[Records from a data source]
▬▬▬
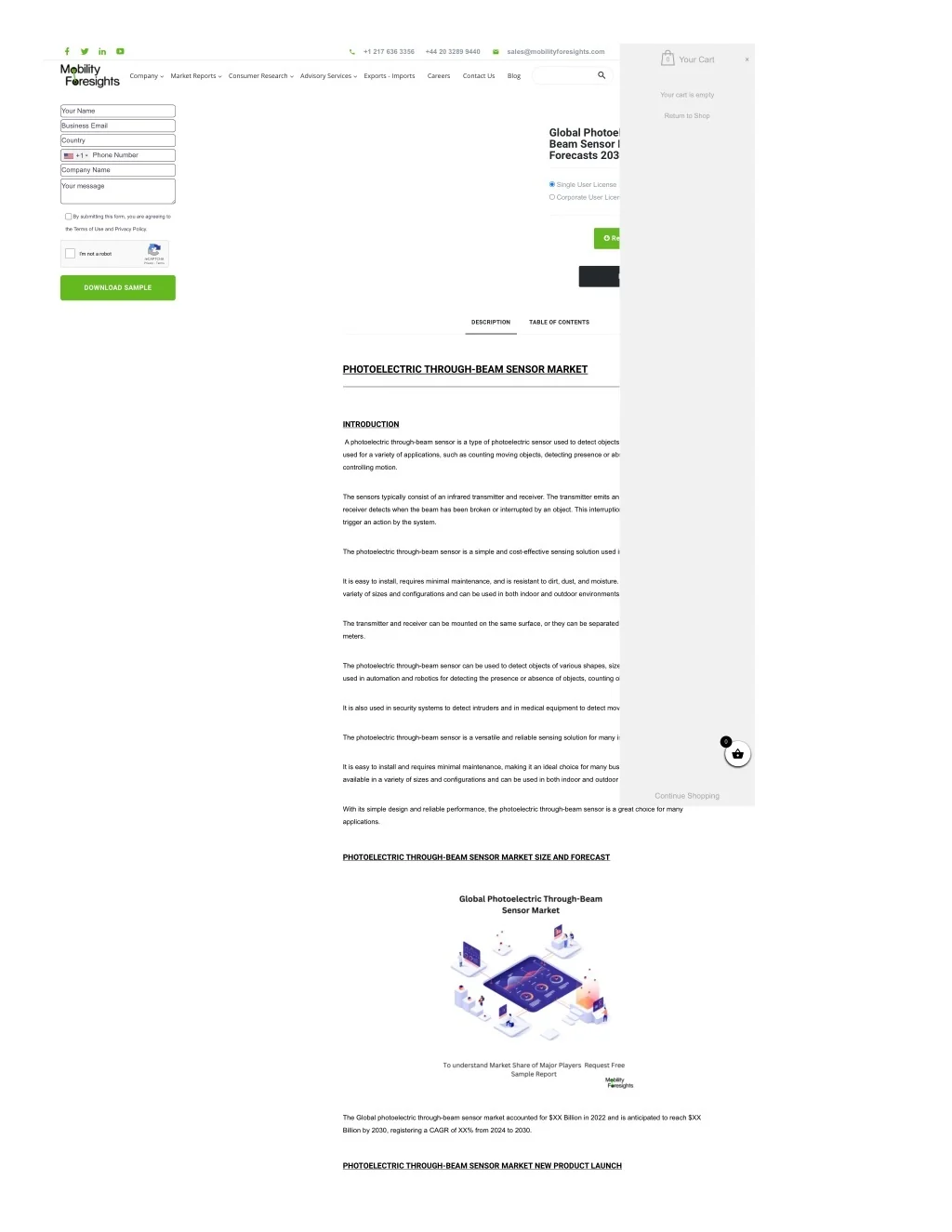 +1 217 636 3356 +44 20 3289 9440 sales@mobilityforesights.com Your Cart 0 Company Market Reports Consumer Research Advisory Services Exports - Imports Careers Contact Us Blog Your cart is empty Your Name Return to Shop Business Email Global Photoelectric Through- Beam Sensor Market Size, Forecasts 2030 Country Phone Number +1 Company Name Single User License : $ 4,000 Your message Corporate User License : $ 6,000 By submitting this form, you are agreeing to the Terms of Use and Privacy Policy. Request Sample I'm not a robot reCAPTCHA Privacy - Terms BUY NOW DOWNLOAD SAMPLE DESCRIPTION TABLE OF CONTENTS PHOTOELECTRIC THROUGH-BEAM SENSOR MARKET INTRODUCTION A photoelectric through-beam sensor is a type of photoelectric sensor used to detect objects in motion. This type of sensor is used for a variety of applications, such as counting moving objects, detecting presence or absence in a given area, or controlling motion. The sensors typically consist of an infrared transmitter and receiver. The transmitter emits an infrared beam of light and the receiver detects when the beam has been broken or interrupted by an object. This interruption of the beam is then used to trigger an action by the system. The photoelectric through-beam sensor is a simple and cost-effective sensing solution used in many industrial applications. It is easy to install, requires minimal maintenance, and is resistant to dirt, dust, and moisture. The sensors are available in a variety of sizes and configurations and can be used in both indoor and outdoor environments. The transmitter and receiver can be mounted on the same surface, or they can be separated by a distance up to several meters. The photoelectric through-beam sensor can be used to detect objects of various shapes, sizes, and distances. It is commonly used in automation and robotics for detecting the presence or absence of objects, counting objects, and controlling motion. It is also used in security systems to detect intruders and in medical equipment to detect movement of patients. The photoelectric through-beam sensor is a versatile and reliable sensing solution for many industrial applications. 0 It is easy to install and requires minimal maintenance, making it an ideal choice for many businesses. The sensors are available in a variety of sizes and configurations and can be used in both indoor and outdoor environments. Continue Shopping With its simple design and reliable performance, the photoelectric through-beam sensor is a great choice for many applications. PHOTOELECTRIC THROUGH-BEAM SENSOR MARKET SIZE AND FORECAST The Global photoelectric through-beam sensor market accounted for $XX Billion in 2022 and is anticipated to reach $XX Billion by 2030, registering a CAGR of XX% from 2024 to 2030. PHOTOELECTRIC THROUGH-BEAM SENSOR MARKET NEW PRODUCT LAUNCH
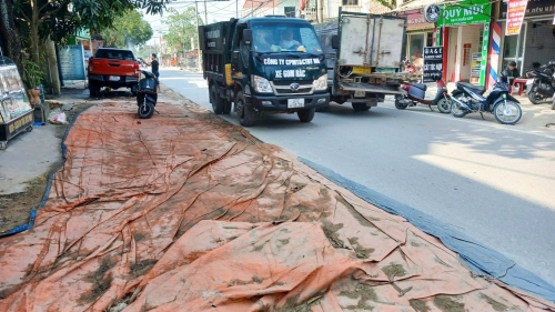 Do bùn đất và bụi bặm kéo dài, nhiều hộ dân đã phải căng bạt che chắn tạm giữa đường để hạn chế ảnh hưởng đến sinh hoạt. |
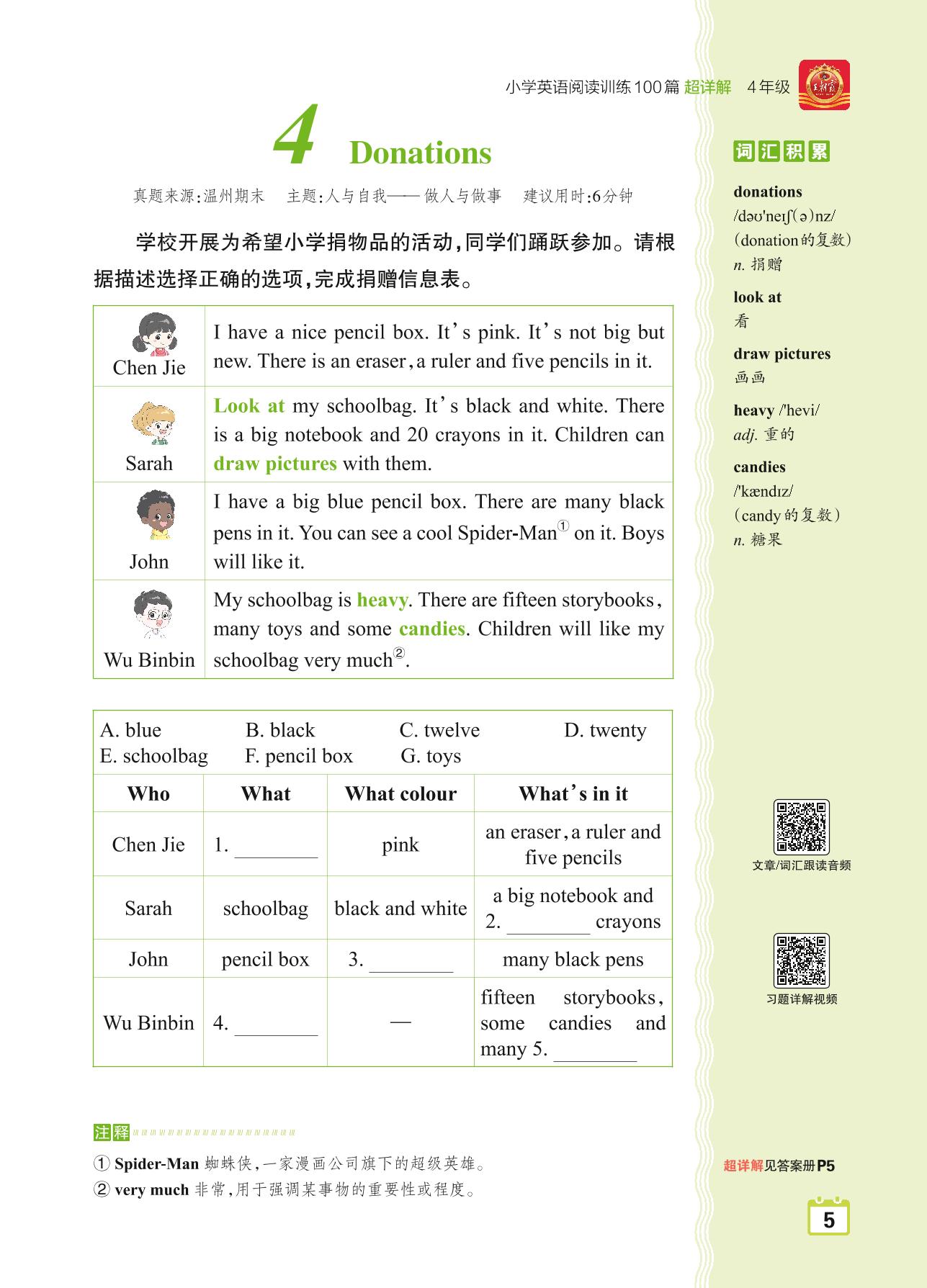 四年级英语阅读超详解 Part 1 青铜篇:4 Donations
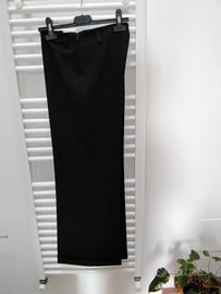 Elegantissimi e morbidi pantaloni di sartoria italiana neri con piega sagomata sul davanti, vestibilità perfetta in vita e sul bacino, larghi di gamba. TG 42/44 italiana (S/M).
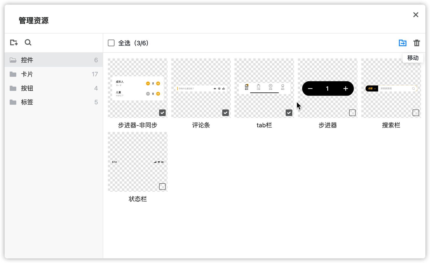 打开资源管理器,更能批量对分组中的资源进行查找、删除甚至跨分组移动。当资源库中组件资源越来越多时,资源管理功能帮你节省的时间绝对不止一点点。
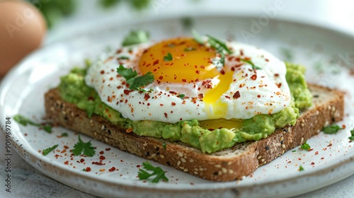egg, slice, tomatoes, depth of field, still life, guacamole, plate, sandwich, parsley, bread, peak, food, topping, vegetable, toast, fries, white, avocado, background, realistic, onion
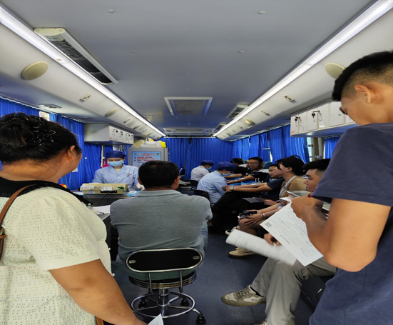 活动启动后,附近不少居民踊跃加入无偿献血的行列。在流动献血车前,大家有序排队,填写无偿献血登记表、血压测量、录入电脑、血液初筛、献热血。他们以捐献热血的方式,为生命助力、为爱礼赞。
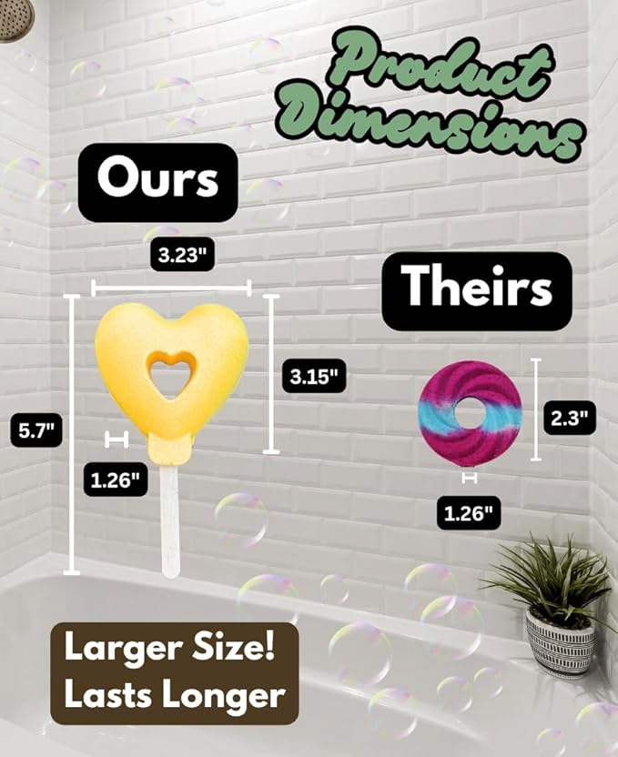 - Heart-Shaped & Lollipop Style – Adorable, colorful bath bombs designed for kids who love fun and fizzy surprises in the tub.
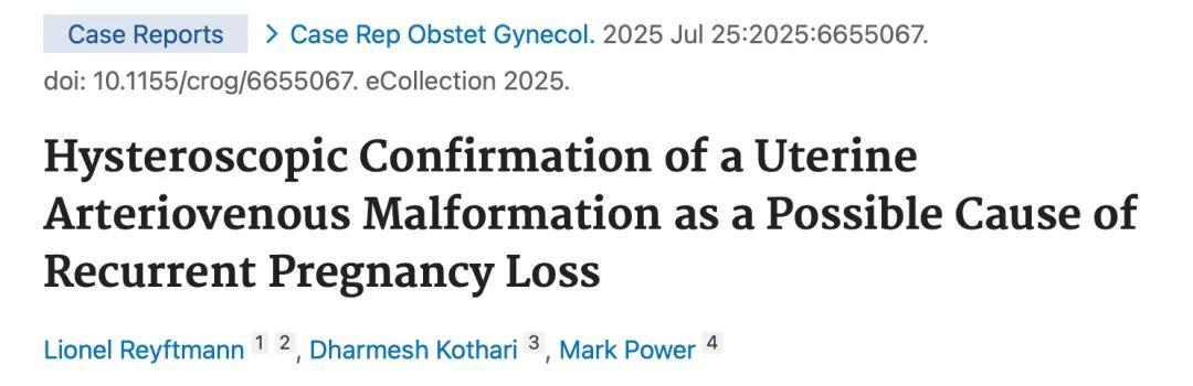 Hysteroscopic Confirmation of a Uterine Arteriovenous Malformation as a Possible Cause of Recurrent Pregnancy Loss. Case Rep Obstet Gynecol. 2025 Jul 25;2025:6655067. doi: 10.1155/crog/6655067.
▬▬▬
Output each record verbatim, but skip anything that is a picture.

 +1 217 636 3356 +44 20 3289 9440 sales@mobilityforesights.com Your Cart 0 Company Market Reports Consumer Research Advisory Services Exports - Imports Careers Contact Us Blog Your cart is empty Your Name Return to Shop Business Email Global Photoelectric Through- Beam Sensor Market Size, Forecasts 2030 Country Phone Number +1 Company Name Single User License : $ 4,000 Your message Corporate User License : $ 6,000 By submitting this form, you are agreeing to the Terms of Use and Privacy Policy. Request Sample I'm not a robot reCAPTCHA Privacy - Terms BUY NOW DOWNLOAD SAMPLE DESCRIPTION TABLE OF CONTENTS PHOTOELECTRIC THROUGH-BEAM SENSOR MARKET INTRODUCTION A photoelectric through-beam sensor is a type of photoelectric sensor used to detect objects in motion. This type of sensor is used for a variety of applications, such as counting moving objects, detecting presence or absence in a given area, or controlling motion. The sensors typically consist of an infrared transmitter and receiver. The transmitter emits an infrared beam of light and the receiver detects when the beam has been broken or interrupted by an object. This interruption of the beam is then used to trigger an action by the system. The photoelectric through-beam sensor is a simple and cost-effective sensing solution used in many industrial applications. It is easy to install, requires minimal maintenance, and is resistant to dirt, dust, and moisture. The sensors are available in a variety of sizes and configurations and can be used in both indoor and outdoor environments. The transmitter and receiver can be mounted on the same surface, or they can be separated by a distance up to several meters. The photoelectric through-beam sensor can be used to detect objects of various shapes, sizes, and distances. It is commonly used in automation and robotics for detecting the presence or absence of objects, counting objects, and controlling motion. It is also used in security systems to detect intruders and in medical equipment to detect movement of patients. The photoelectric through-beam sensor is a versatile and reliable sensing solution for many industrial applications. 0 It is easy to install and requires minimal maintenance, making it an ideal choice for many businesses. The sensors are available in a variety of sizes and configurations and can be used in both indoor and outdoor environments. Continue Shopping With its simple design and reliable performance, the photoelectric through-beam sensor is a great choice for many applications. PHOTOELECTRIC THROUGH-BEAM SENSOR MARKET SIZE AND FORECAST The Global photoelectric through-beam sensor market accounted for $XX Billion in 2022 and is anticipated to reach $XX Billion by 2030, registering a CAGR of XX% from 2024 to 2030. PHOTOELECTRIC THROUGH-BEAM SENSOR MARKET NEW PRODUCT LAUNCH
 Do bùn đất và bụi bặm kéo dài, nhiều hộ dân đã phải căng bạt che chắn tạm giữa đường để hạn chế ảnh hưởng đến sinh hoạt. |
 四年级英语阅读超详解 Part 1 青铜篇:4 Donations
 Elegantissimi e morbidi pantaloni di sartoria italiana neri con piega sagomata sul davanti, vestibilità perfetta in vita e sul bacino, larghi di gamba. TG 42/44 italiana (S/M).
 打开资源管理器,更能批量对分组中的资源进行查找、删除甚至跨分组移动。当资源库中组件资源越来越多时,资源管理功能帮你节省的时间绝对不止一点点。
egg, slice, tomatoes, depth of field, still life, guacamole, plate, sandwich, parsley, bread, peak, food, topping, vegetable, toast, fries, white, avocado, background, realistic, onion
 活动启动后,附近不少居民踊跃加入无偿献血的行列。在流动献血车前,大家有序排队,填写无偿献血登记表、血压测量、录入电脑、血液初筛、献热血。他们以捐献热血的方式,为生命助力、为爱礼赞。
 - Heart-Shaped & Lollipop Style – Adorable, colorful bath bombs designed for kids who love fun and fizzy surprises in the tub.
 Hysteroscopic Confirmation of a Uterine Arteriovenous Malformation as a Possible Cause of Recurrent Pregnancy Loss. Case Rep Obstet Gynecol. 2025 Jul 25;2025:6655067. doi: 10.1155/crog/6655067.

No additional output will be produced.